# Cigar Bands - My first Cigar Art



## Chubno (Dec 11, 2006)

I took all my cigar bands from this summer and made myself some cigar art for my den. I liked how it came out. Thought I would share it with you.


----------



## dowellmichaeld (Jul 21, 2007)

Very cool idea, looks great. MDD.


----------



## jitzy (Jan 7, 2007)

it came out great I did one about a year or so ago but with all the labels horizontal I like it your way better


----------



## Matt257 (Jan 3, 2008)

Thats great, there are some really great looking bands in there!!


----------



## tekeeladude-cl (Mar 13, 2007)

That's great looking!


----------



## vicegrips.ceo. (Dec 14, 2007)

you have the bigbutt cigar band in there! i thought i was the only one that picked those up.


----------



## Chubno (Dec 11, 2006)

vicegrips.ceo. said:


> you have the bigbutt cigar band in there! i thought i was the only one that picked those up.


That's cool! I thought I was the only one too.


----------



## mhlatke (Oct 13, 2007)

That's great - very inspiring. I've got a pile of bands and some frames that I keep meaning to assemble.
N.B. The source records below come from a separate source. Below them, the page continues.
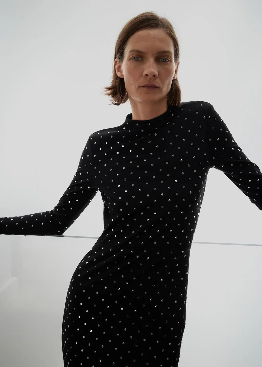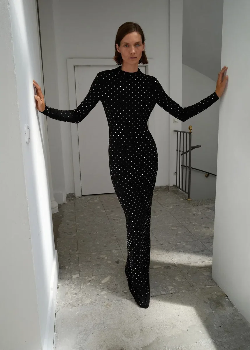 Długi fason. Dopasowany krój. Stójka. Długi rękaw. Otwarte plecy. Kryształowe aplikacje. Zapięcie na haftki z tyłu. Kolekcja Selection. Wybór wyrafinowanych ubrań, wykonanych z wysokiej jakości materiałów, które tworzą kobiecą i nowoczesną garderobę.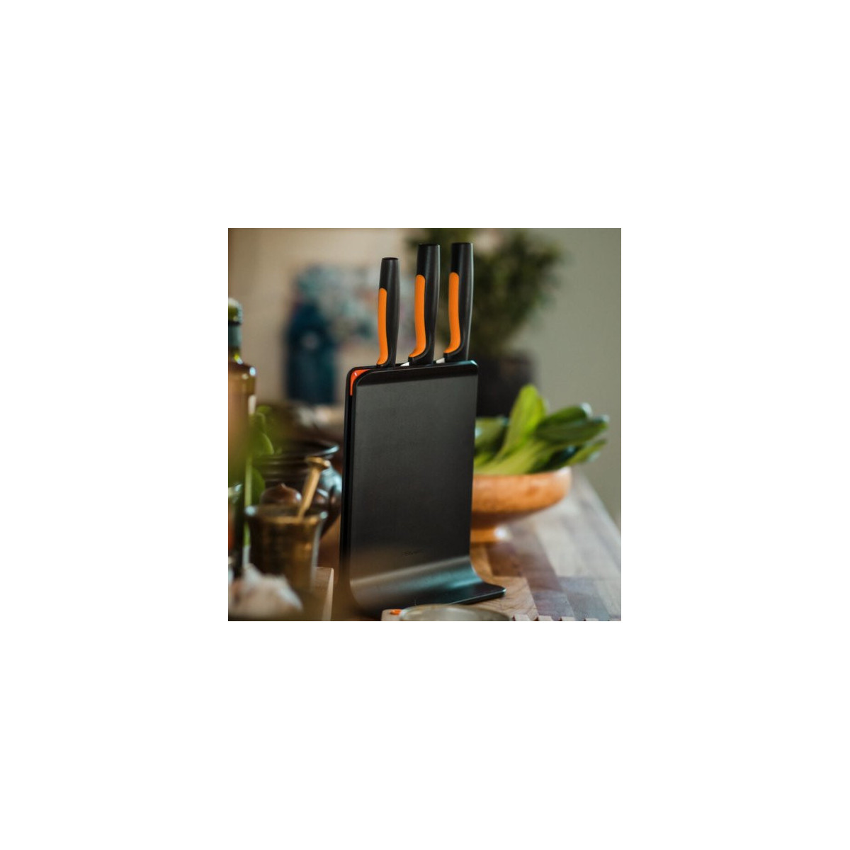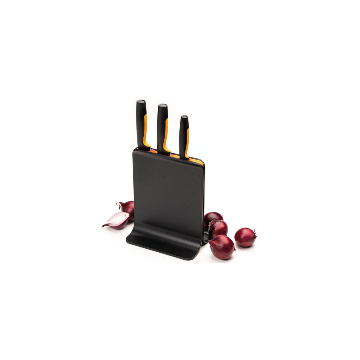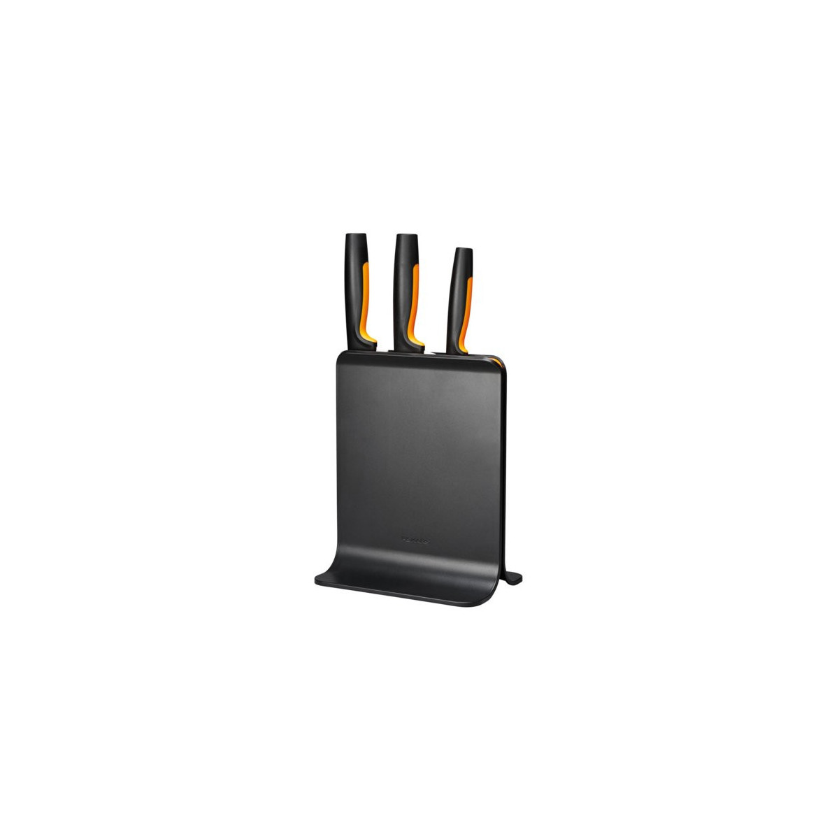 Fiskars Functional Form. Tipo di prodotto: Ceppo per coltelli con fessure, Materiale lama: Acciaio inossidabile, Materiali: Plastica, Acciaio inossidabile. Lunghezza della lama: 19,9 cm, Lunghezza della lama del coltello 2: 16 cm, Lunghezza della lama del coltello 3: 11 cm. Numero di prodotti inclusi: 4 pz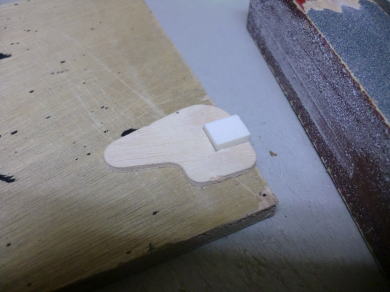 ● 指で抑えて小口の調整・・・。なんて無理でっせえ・・・。サンドホルダーは工作台に直角ですが、小口に宛てて前後すると・・・摩擦が凄くて指では抑えが利きません。まあ・・・こういう時は治具を作って指の一部を肩代わりしてもらいます。単純にベニヤをコの字に切って材料を嵌め込み、上から抑え込めば擦り荷重にも充分耐えられます。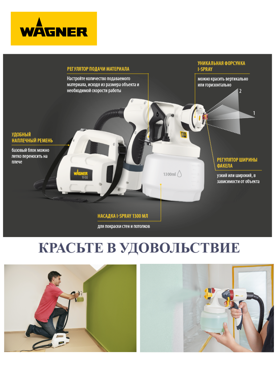 Краскопульт WAGNER W 450 для интерьерных работ интересное: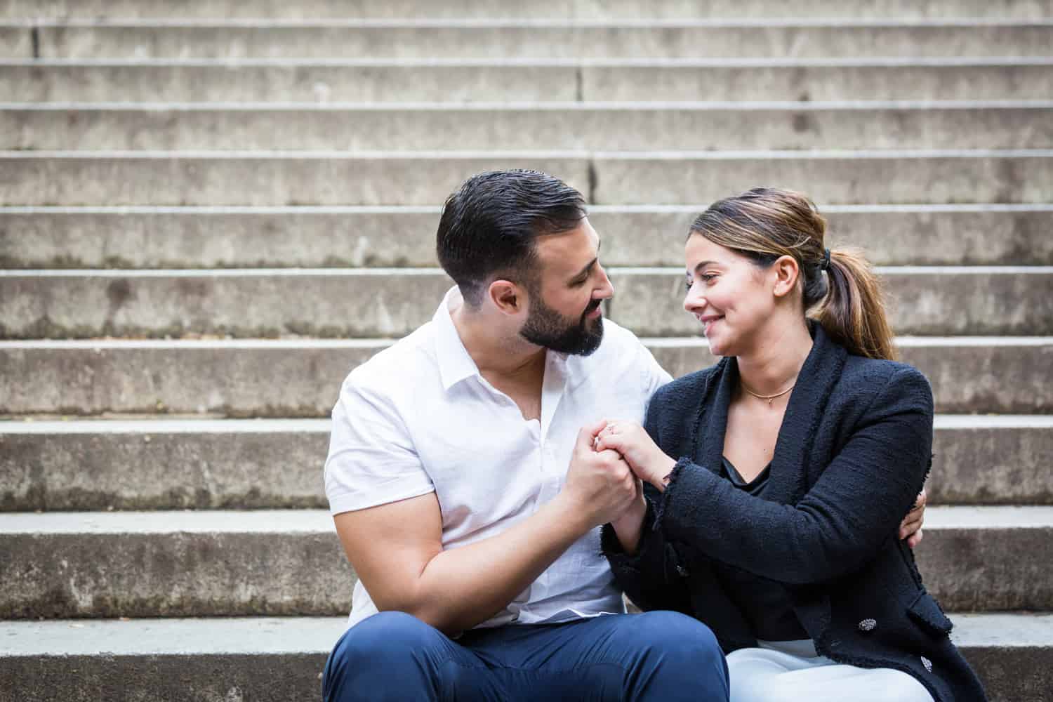 The bottom line for how to propose on Central Park Lake: my favorite spot to capture the proposal moment is the Wood Chip Vantage Point. Strategize with your photographer beforehand about what you will be wearing and the path you will take around the lake. Finally, have a plan for where you want to go after proposing on Central Park Lake. That’s it! Simple and romantic; you can’t go wrong with a Central Park Lake proposal.

Thanx for the motivation!


----------



## ER Doc (Feb 8, 2007)

Awesome piece of work. I'm hoping to do something like that in the near future. I'm going to need to "empty out" more labels, though.


----------



## Ceedee (Jun 2, 2006)

Very nice stuff there Michael! Thanks for sharing that. You have inspired me to get off my butt and do something will all my bands! 

CD


----------



## CHRIS7891011 (Apr 1, 2007)

awesome!


----------



## Jason Brown (Nov 21, 2007)

Very Nice.....


----------



## aljrka (Dec 3, 2007)

That's nice!


----------



## tx_tuff (Jun 16, 2007)

Pretty cool!


----------



## Jonjonmacky (Oct 30, 2007)

THat looks excellent.. really. I love what you did.. the frame everything..


----------



## sofaman (Jun 20, 2007)

That came out awsome, I am going to have to try one.


----------



## vegasgirl (Jul 1, 2007)

That turned out really nice! I'm saving all of ours (Frank's and mine) for some big project, but can't decide. Yours turned out awesome--great job!


----------



## xavier_chino (Apr 19, 2007)

That came out really nice. big ups on it.


----------



## Darren's Godiva (Jul 16, 2007)

Awesome! What a great idea. I think I know what our next project will be.


----------



## mrgatorman (Mar 23, 2007)

Man...nice job...love the creativity here...very nice.


----------



## Habana-cl (Nov 7, 2007)

Chubno, very nice indeed. Flint


----------



## Cypress (Jun 27, 2007)

Interesting. A collage of bands. I think I might have to try doing the same sometime.


----------



## Poss253a (Oct 14, 2007)

Very Nice!!!!!


----------



## marns45 (Aug 3, 2007)

that looks awesome...i was planning on doing something similar on a guitar of mine


----------



## Chubno (Dec 11, 2006)

marns45 said:


> that looks awesome...i was planning on doing something similar on a guitar of mine


I would really like to see that when you are finished. Sounds like a great project. You give me more ideas but I would need to find a different guitar then my Taylor. I think I need to keep playing that one.


----------



## chubzerous (Jun 9, 2007)

That looks great.


----------



## dravensghost (Sep 21, 2007)

that turned out pretty sweet
nice job


----------



## marns45 (Aug 3, 2007)

chubno said:


> I would really like to see that when you are finished. Sounds like a great project. You give me more ideas but I would need to find a different guitar then my Taylor. I think I need to keep playing that one.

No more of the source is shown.